_What you will do_. Please output the entries that follow exactly, without a single image.

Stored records
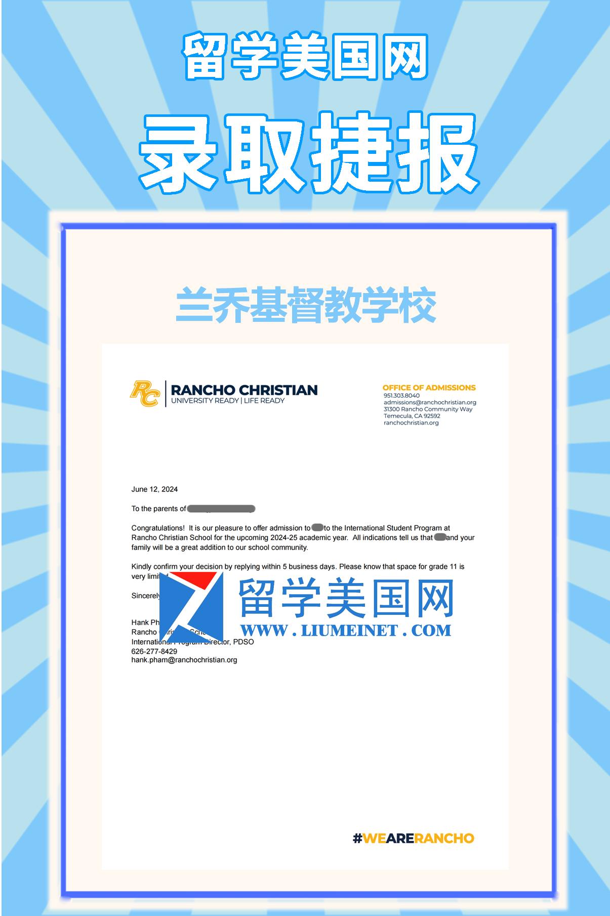 二、恭喜S同學(xué)獲得蘭喬基督教學(xué)校Rancho Christian School錄??!
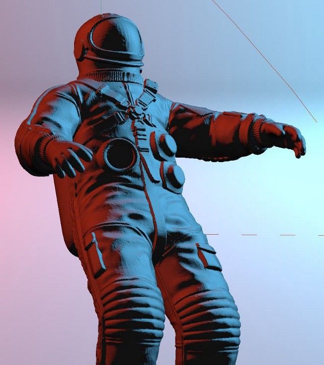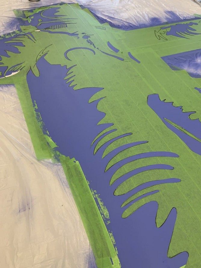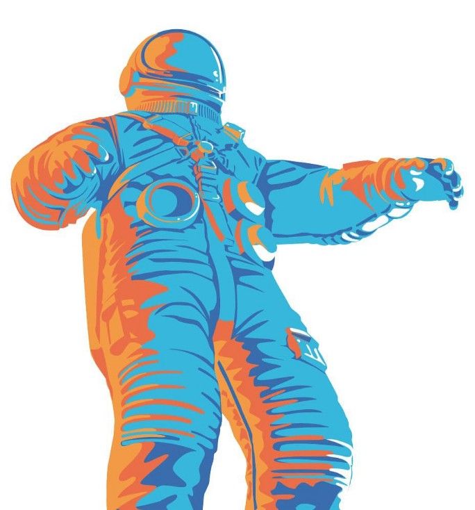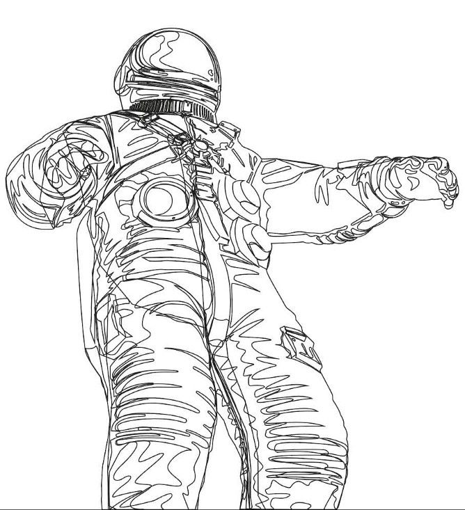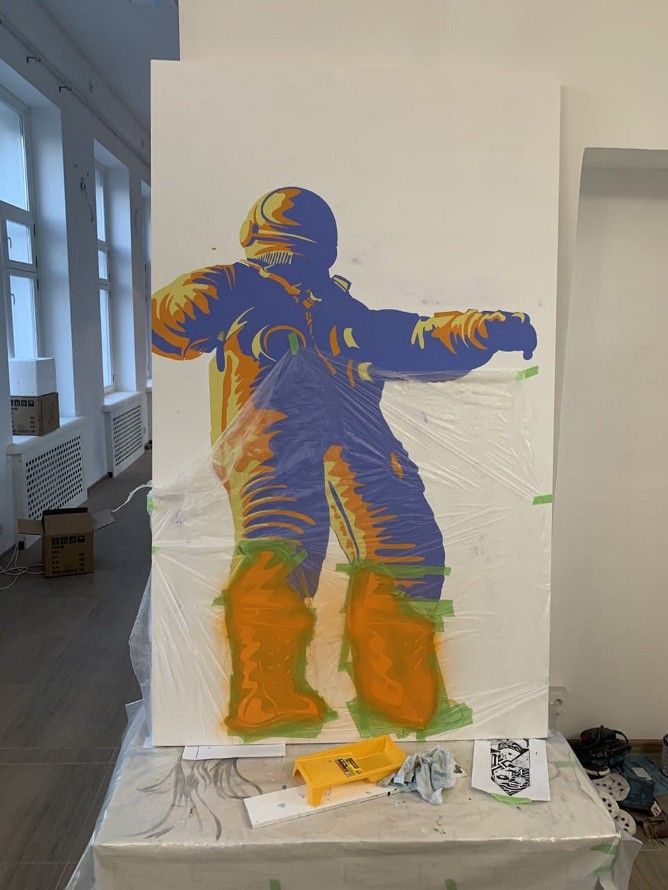 Since the place was originally conceived as a space-themed club, I chose the character of cosmonaut Alexey Leonov as a reference for one of my paintings. I built a 3D scene, created contour lines, dividing them by color, and then transferred each layer to the canvas with the help of SketchAR. I was putting tape around the required outline and was covering it with the color, each of the five separately. Unfortunately, I wasn’t able to capture that process, as the app wasn’t very stable, plus there were no additional shooting accessories close at hand.
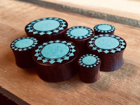 PAIR of Crushed Turquoise Tribal Sunburst Inlaid Sono Wood Saddle Plugs - Gauges 00g (10mm) through 1" (25mm)
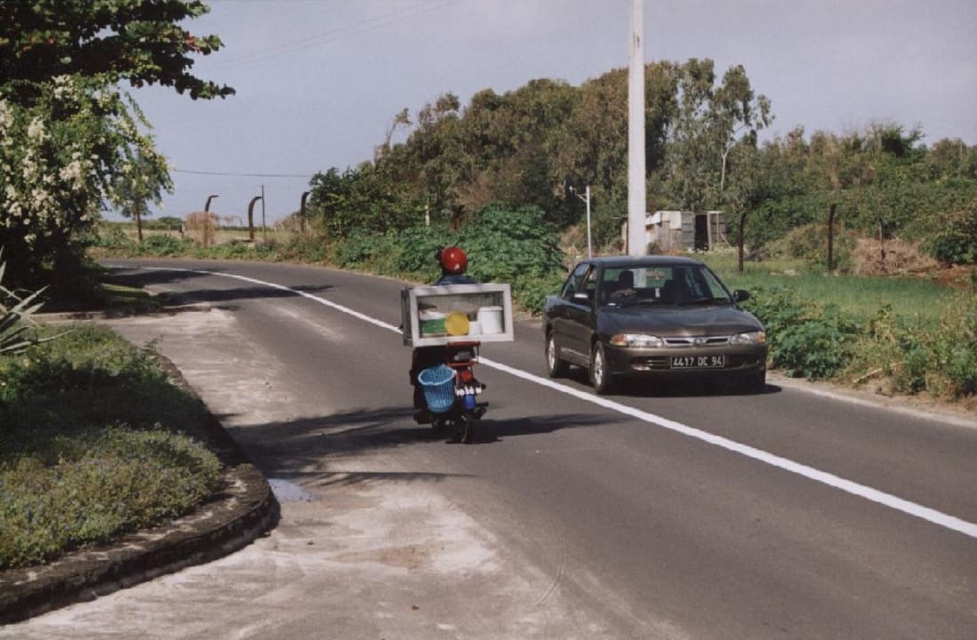 Achtung Linksverkehr :-) Und Essen auf Rädern (auf dem Mofa) für die Arbeiter.
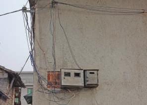王义军家的电表装在大门外,铁皮电表箱锈迹斑斑,联接电杆和表箱的是七八根乱七八糟的铝线。
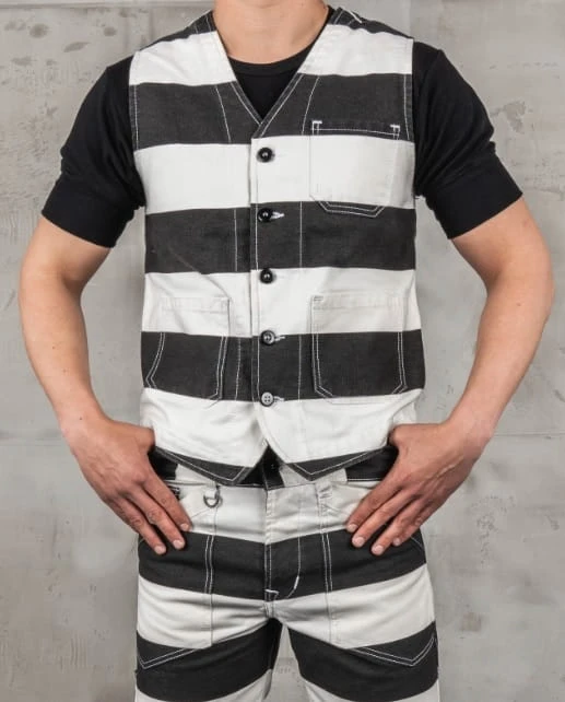 Tkanina Alcatraz to drukowane płótno, takie jak to, z którego wykonano Prison Stripes. Prison Stripes pojawiły się około 1850 roku i zostały zaprojektowane w celu szybkiej identyfikacji więźniów, którzy byli na wolności.
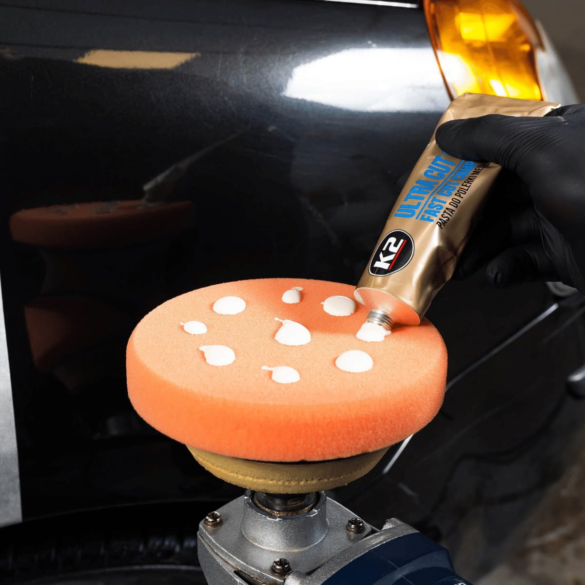 Pasta K2 ULTRA CUT C3+ nadaje się do użycia z różnej twardości gąbkami polerskimi. Do usuwania niewielkich zarysowań zaleca się używanie gąbki lekkościernej (np. K2 DURAFLEX L613, L643). Usuwając bardzo poważne defekty należy stosować gąbkę mocnościerną (np. K2 DURAFLEX L611, L641) lub gąbkę średniościerną (np. K2 DURAFLEX L612, L642). Chcąc uzyskać perfekcyjny efekt wykończeniowy na bardzo zniszczonych powierzchniach, zaleca się użcie pasty w dwóch krokach: początkowo z gąbką twardą - usuwanie rys, następnie z gąbką miękką lekkościerną - nabłyszczanie.
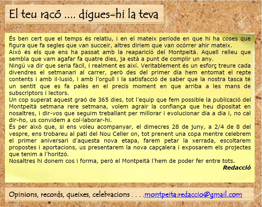 El racó del lector - IMATGESEl teu racó Primer aniversari del Montpeità Última actualització: 25 de juliol de 2024 16:00 Redacció Comparteix Lectura de 0 min COMPARTEIX M. 1373 - Anunci patrocinat - També et podria interessar EL RACÓ DEL LECTOR : Un Fruitó massa amagat Racó de poesia: “SETEMBRE” de Miquel Martí Pol EL racó del lector : ” Carpes punxegudes ratllades blaves i blanques” Racó de poesia amb “Final d’estiu” de Miquel Martí i Pol Tendències de Sònia Roman: Olor de setembre ETIQUETESaniversariracósuscriptor Comparteix aquest article Facebook Twitter Whatsapp Whatsapp Telegram Email Copiar enllaç Imprimir Deixar un comentari Deixar un comentari Deixa un comentari Cancel·la les respostesL'adreça electrònica no es publicarà. Els camps necessaris estan marcats amb *Comentari * Nom * Correu electrònic * Lloc web Desa el meu nom, correu electrònic i lloc web en aquest navegador per a la pròxima vegada que comenti. Segueix-nos FacebookM'agradaTwitterSeguir1.7kSeguidorsSeguir Última portada En paper i/o en digital Escull el format que més t'agradi Subscriu-te
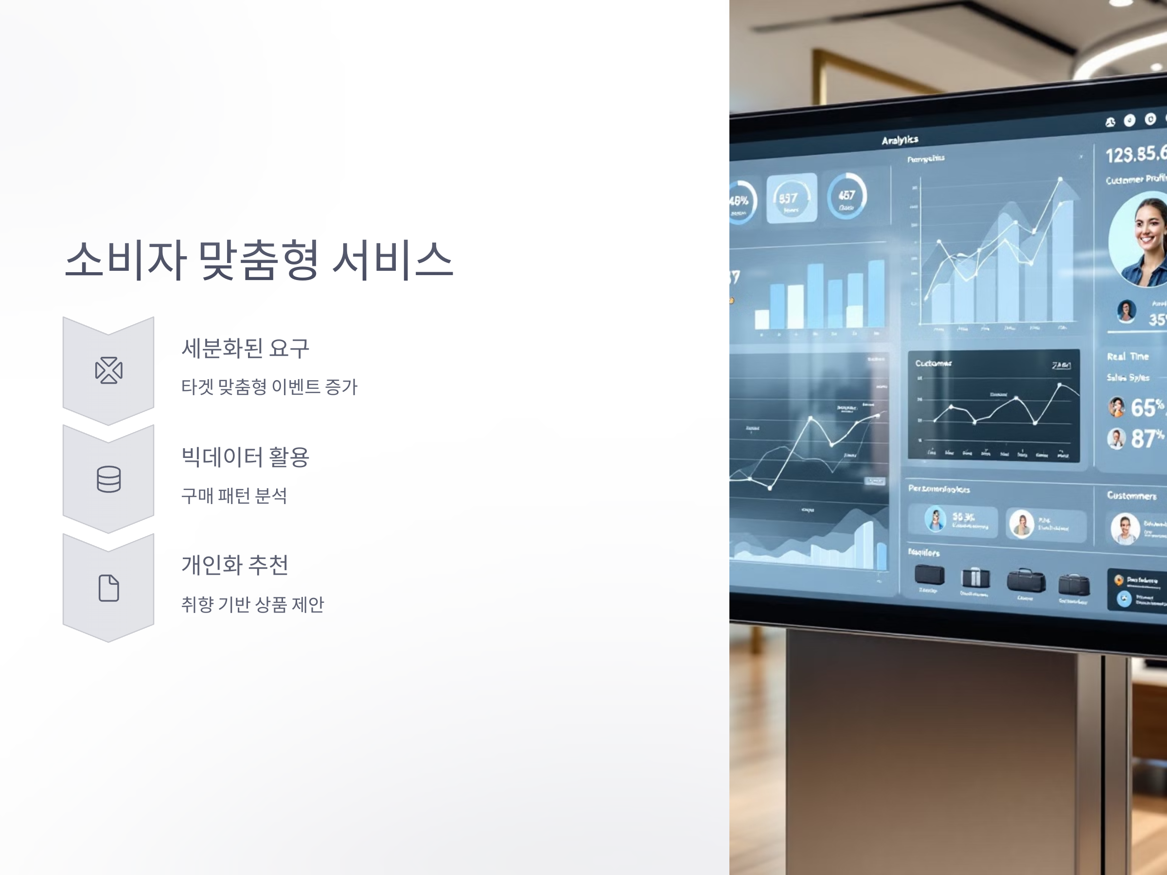 또한, 빅데이터와 AI를 활용한 고객 분석이 가능해짐에 따라, 상가는 소비자들의 구매 패턴을 분석하고 이를 바탕으로 개인화된 추천 서비스를 제공하는 방향으로 나아가고 있습니다. 예를 들어, 소비자가 이전에 구매한 제품과 관련된 새로운 상품을 추천하거나, 소비자의 취향에 맞는 할인 혜택을 제공하는 방식입니다. 이러한 개인화된 경험은 소비자들의 만족도를 높이고, 상가의 매출 증대에도 긍정적인 영향을 미칠 수 있습니다.
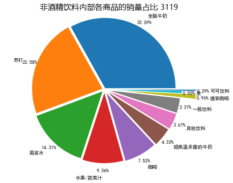 plt.title("非酒精饮料内部各商品的销量占比 3119") # 设置标题

_Completed task_.
 二、恭喜S同學(xué)獲得蘭喬基督教學(xué)校Rancho Christian School錄??!
 Since the place was originally conceived as a space-themed club, I chose the character of cosmonaut Alexey Leonov as a reference for one of my paintings. I built a 3D scene, created contour lines, dividing them by color, and then transferred each layer to the canvas with the help of SketchAR. I was putting tape around the required outline and was covering it with the color, each of the five separately. Unfortunately, I wasn’t able to capture that process, as the app wasn’t very stable, plus there were no additional shooting accessories close at hand.
 PAIR of Crushed Turquoise Tribal Sunburst Inlaid Sono Wood Saddle Plugs - Gauges 00g (10mm) through 1" (25mm)
 Achtung Linksverkehr :-) Und Essen auf Rädern (auf dem Mofa) für die Arbeiter.
王义军家的电表装在大门外,铁皮电表箱锈迹斑斑,联接电杆和表箱的是七八根乱七八糟的铝线。
 Tkanina Alcatraz to drukowane płótno, takie jak to, z którego wykonano Prison Stripes. Prison Stripes pojawiły się około 1850 roku i zostały zaprojektowane w celu szybkiej identyfikacji więźniów, którzy byli na wolności.
 Pasta K2 ULTRA CUT C3+ nadaje się do użycia z różnej twardości gąbkami polerskimi. Do usuwania niewielkich zarysowań zaleca się używanie gąbki lekkościernej (np. K2 DURAFLEX L613, L643). Usuwając bardzo poważne defekty należy stosować gąbkę mocnościerną (np. K2 DURAFLEX L611, L641) lub gąbkę średniościerną (np. K2 DURAFLEX L612, L642). Chcąc uzyskać perfekcyjny efekt wykończeniowy na bardzo zniszczonych powierzchniach, zaleca się użcie pasty w dwóch krokach: początkowo z gąbką twardą - usuwanie rys, następnie z gąbką miękką lekkościerną - nabłyszczanie.
 El racó del lector - IMATGESEl teu racó Primer aniversari del Montpeità Última actualització: 25 de juliol de 2024 16:00 Redacció Comparteix Lectura de 0 min COMPARTEIX M. 1373 - Anunci patrocinat - També et podria interessar EL RACÓ DEL LECTOR : Un Fruitó massa amagat Racó de poesia: “SETEMBRE” de Miquel Martí Pol EL racó del lector : ” Carpes punxegudes ratllades blaves i blanques” Racó de poesia amb “Final d’estiu” de Miquel Martí i Pol Tendències de Sònia Roman: Olor de setembre ETIQUETESaniversariracósuscriptor Comparteix aquest article Facebook Twitter Whatsapp Whatsapp Telegram Email Copiar enllaç Imprimir Deixar un comentari Deixar un comentari Deixa un comentari Cancel·la les respostesL'adreça electrònica no es publicarà. Els camps necessaris estan marcats amb *Comentari * Nom * Correu electrònic * Lloc web Desa el meu nom, correu electrònic i lloc web en aquest navegador per a la pròxima vegada que comenti. Segueix-nos FacebookM'agradaTwitterSeguir1.7kSeguidorsSeguir Última portada En paper i/o en digital Escull el format que més t'agradi Subscriu-te
 또한, 빅데이터와 AI를 활용한 고객 분석이 가능해짐에 따라, 상가는 소비자들의 구매 패턴을 분석하고 이를 바탕으로 개인화된 추천 서비스를 제공하는 방향으로 나아가고 있습니다. 예를 들어, 소비자가 이전에 구매한 제품과 관련된 새로운 상품을 추천하거나, 소비자의 취향에 맞는 할인 혜택을 제공하는 방식입니다. 이러한 개인화된 경험은 소비자들의 만족도를 높이고, 상가의 매출 증대에도 긍정적인 영향을 미칠 수 있습니다.
 plt.title("非酒精饮料内部各商品的销量占比 3119") # 设置标题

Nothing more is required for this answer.